Eric T. Trexler, Katie R. Hirsch, Bill I. Campbell and Abbie E. Smith-Ryan
The purpose of the current study was to evaluate changes in body composition, metabolic rate, and hormones during postcompetition recovery. Data were collected from natural physique athletes (7 male/8 female) within one week before (T1) competition, within one week after (T2), and 4–6 weeks after (T3) competition. Measures included body composition (fat mass [FM] and lean mass [LM] from ultrasongraphy), resting metabolic rate (RMR; indirect calorimetry), and salivary leptin, testosterone, cortisol, ghrelin, and insulin. Total body water (TBW; bioelectrical impedance spectroscopy) was measured at T1 and T2 in a subsample (n = 8) of athletes. Significant (p < .05) changes were observed for weight (T1 = 65.4 ± 12.2 kg, T2 = 67.4 ± 12.6, T3 = 69.3 ± 13.4; T3 > T2 > T1), LM (T1 = 57.6 ± 13.9 kg, T2 = 59.4 ± 14.2, T3 = 59.3 ± 14.2; T2 and T3 > T1), and FM (T1 = 7.7 ± 4.4 kg, T2 = 8.0 ± 4.4, T3 = 10.0 ± 6.2; T3 > T1 and T2). TBW increased from T1 to T2 (Δ=1.9 ± 1.3 L, p < .01).

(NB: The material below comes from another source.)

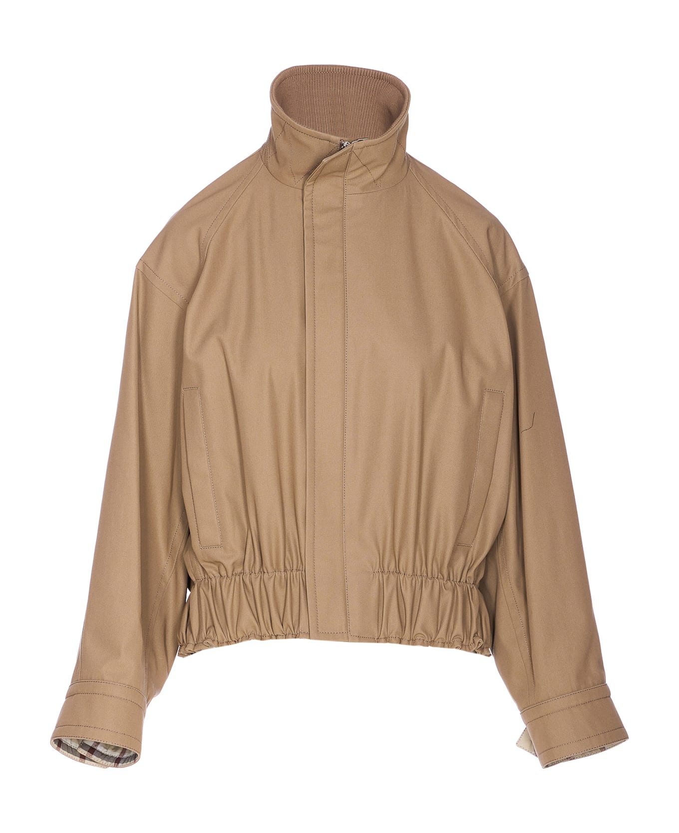 Bottega Veneta dark beige jacket with frontal zip closure, high neck, lateral pockets with button closure, elasticized on waist, high neck

RMR increased from baseline (1612 ± 266 kcal/day; 92.0% of predicted) to T2 (1881 ± 329, 105.3%; p < .01) and T3 (1778 ± 257, 99.6%; p < .001). Cortisol was higher (p < .05) at T2 (0.41 ± 0.31 μg/dL) than T1 (0.34 ± 0.31) and T3 (0.35 ± 0.27). Male testosterone at T3 (186.6 ± 41.3 pg/mL) was greater than T2 (148.0 ± 44.6, p = .04). RMR changes were associated (p ≤ .05) with change in body fat percent (ΔBF%; r = .59) and T3 protein intake (r= .60); male testosterone changes were inversely associated (p≤ .05) with ΔBF%, ΔFM, and Δweight (r=-0.81–-0.88). TBW increased within days of competition. Precompetition RMR suppression appeared to be variable and markedly reversed by overfeeding, and reverted toward normal levels following competition. RMR and male testosterone increased while FM was preferentially gained 4–6 weeks postcompetition.